* [Problem to work on]: Every line of the data below is to be duplicated exactly, pictures excepted.

*** The data ***

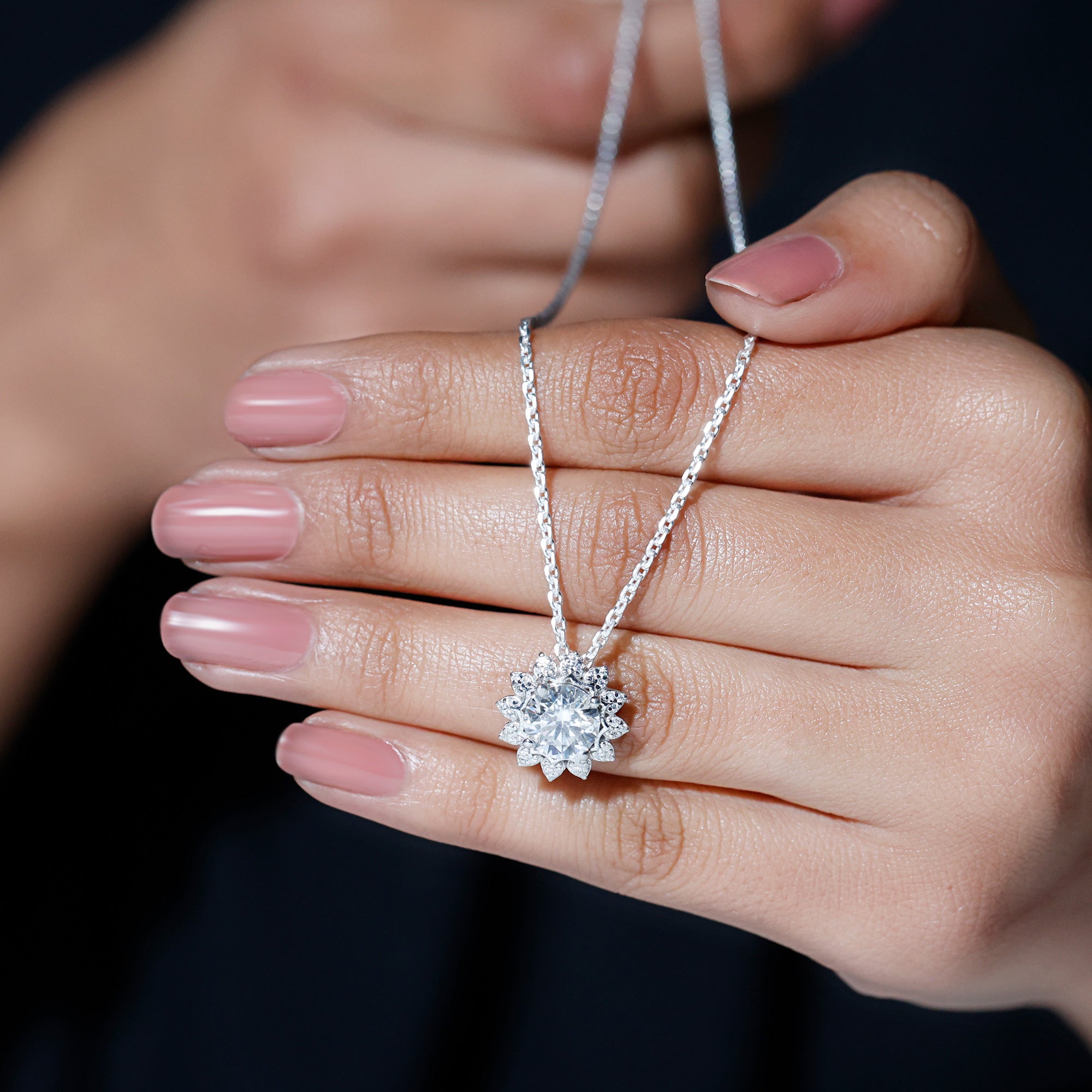 Certified 8 MM Moissanite Sunflower Pendant Necklace with Chain
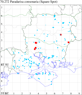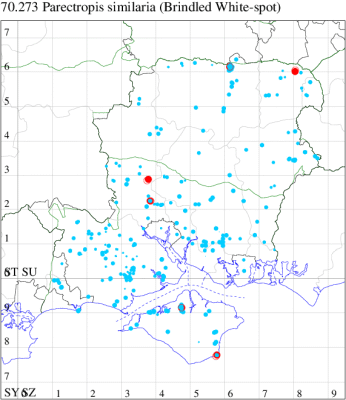 VC11: Earliest: Romsey, 19 May, 1 (SLay) Latest: Pennington, 14 Sep, 1 (RFC) Max count: Titchfield Haven NNR, 17 Jul, 11 (F.M.G.)
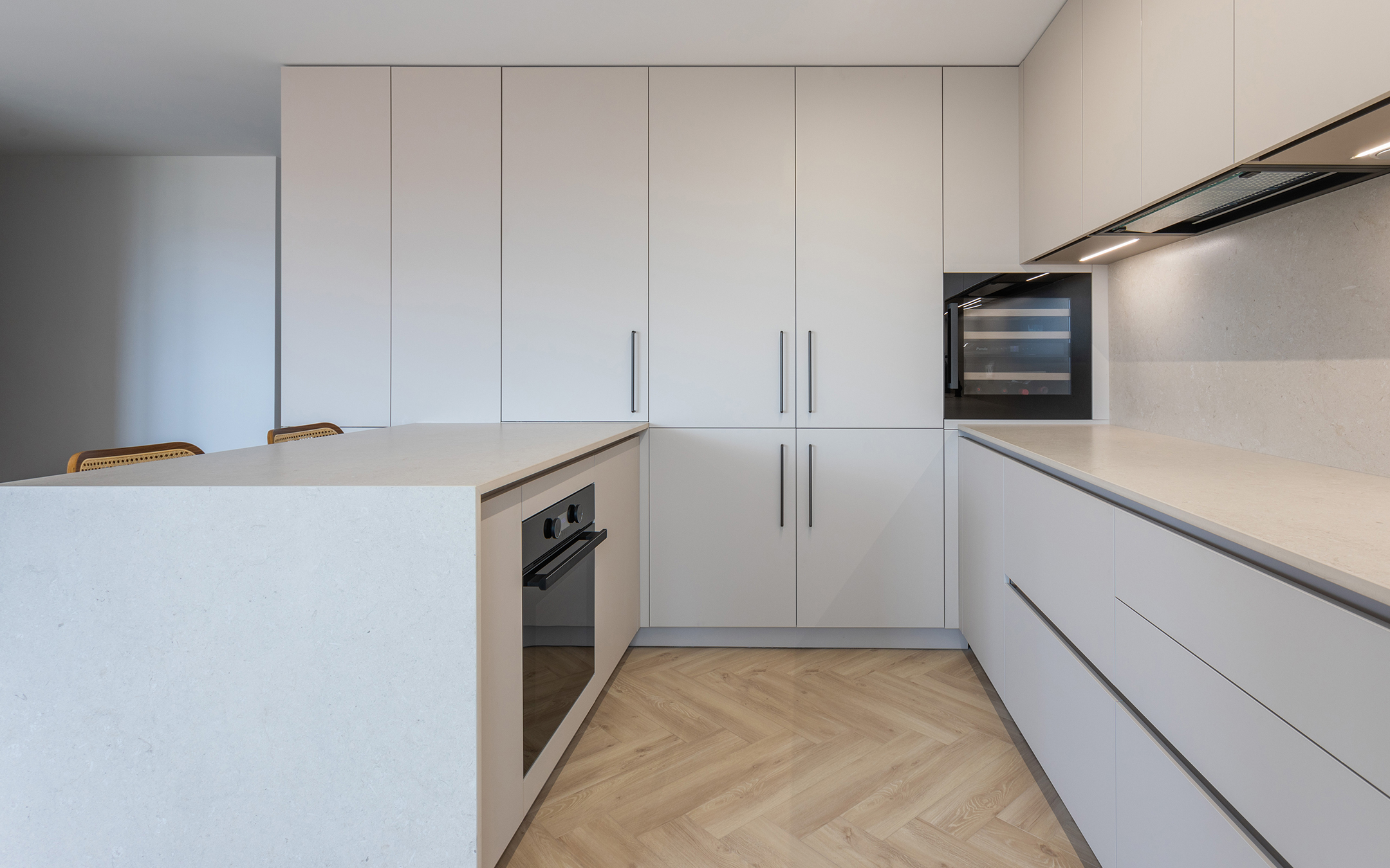 La cocina se organiza mediante una distribución en U, que permite estructurar el espacio en distintas áreas de trabajo. Desde la zona de columnas se proyecta una península que integra el horno y que, en su cara posterior, incorpora una barra al mismo nivel que la encimera, ideal para colocar taburetes y crear un espacio informal.
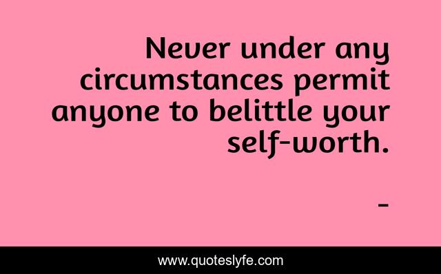 This page presents the quote "Never under any circumstances permit anyone to belittle your self-worth.". Author of this quote is . This quote is about belittling, belittlement, don-t-let-others-belittle-you, your-self-worth, edmond-mbiaka, your-true-worth,.
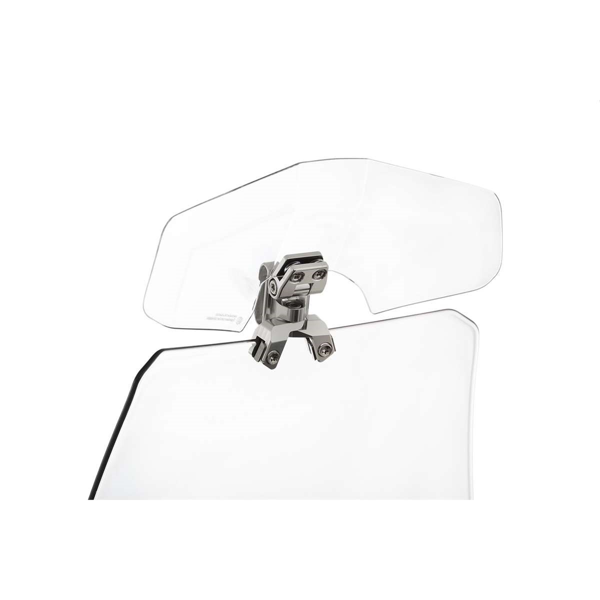 Der voll einstellbare VARIO-ERGO 3D+ Spoileraufsatz bietet die optimale Entlastung vom Winddruck für Kopf und Oberkörper sowie eine spürbare Reduktion der Verwirbelungen – besonders auch bei Autobahntempo. Er beseitigt die aerodynamischen Probleme vieler serienmäßiger Verkleidungsscheiben durch die Möglichkeit, die Abrisskante in Neigung und Höhe stufenlos individuell für jeden Fahrer einzustellen. Turbulenzen, Wirbel und die daraus resultierende Geräuschentwicklung werden deutlich reduziert oder eliminiert.
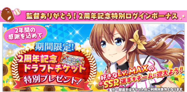 キャンペーン期間中にアプリにログインいただくと、好きなSSR選手(※1)がLv.MAXでチームに迎えられる「2周年記念ドラフトチケット」が一枚手に入ります。是非この機会に気になる選手をお迎えしてみてください。

***

* [Exercise result]:
 Certified 8 MM Moissanite Sunflower Pendant Necklace with Chain
 VC11: Earliest: Romsey, 19 May, 1 (SLay) Latest: Pennington, 14 Sep, 1 (RFC) Max count: Titchfield Haven NNR, 17 Jul, 11 (F.M.G.)
 La cocina se organiza mediante una distribución en U, que permite estructurar el espacio en distintas áreas de trabajo. Desde la zona de columnas se proyecta una península que integra el horno y que, en su cara posterior, incorpora una barra al mismo nivel que la encimera, ideal para colocar taburetes y crear un espacio informal.
 This page presents the quote "Never under any circumstances permit anyone to belittle your self-worth.". Author of this quote is . This quote is about belittling, belittlement, don-t-let-others-belittle-you, your-self-worth, edmond-mbiaka, your-true-worth,.
 Der voll einstellbare VARIO-ERGO 3D+ Spoileraufsatz bietet die optimale Entlastung vom Winddruck für Kopf und Oberkörper sowie eine spürbare Reduktion der Verwirbelungen – besonders auch bei Autobahntempo. Er beseitigt die aerodynamischen Probleme vieler serienmäßiger Verkleidungsscheiben durch die Möglichkeit, die Abrisskante in Neigung und Höhe stufenlos individuell für jeden Fahrer einzustellen. Turbulenzen, Wirbel und die daraus resultierende Geräuschentwicklung werden deutlich reduziert oder eliminiert.
 キャンペーン期間中にアプリにログインいただくと、好きなSSR選手(※1)がLv.MAXでチームに迎えられる「2周年記念ドラフトチケット」が一枚手に入ります。是非この機会に気になる選手をお迎えしてみてください。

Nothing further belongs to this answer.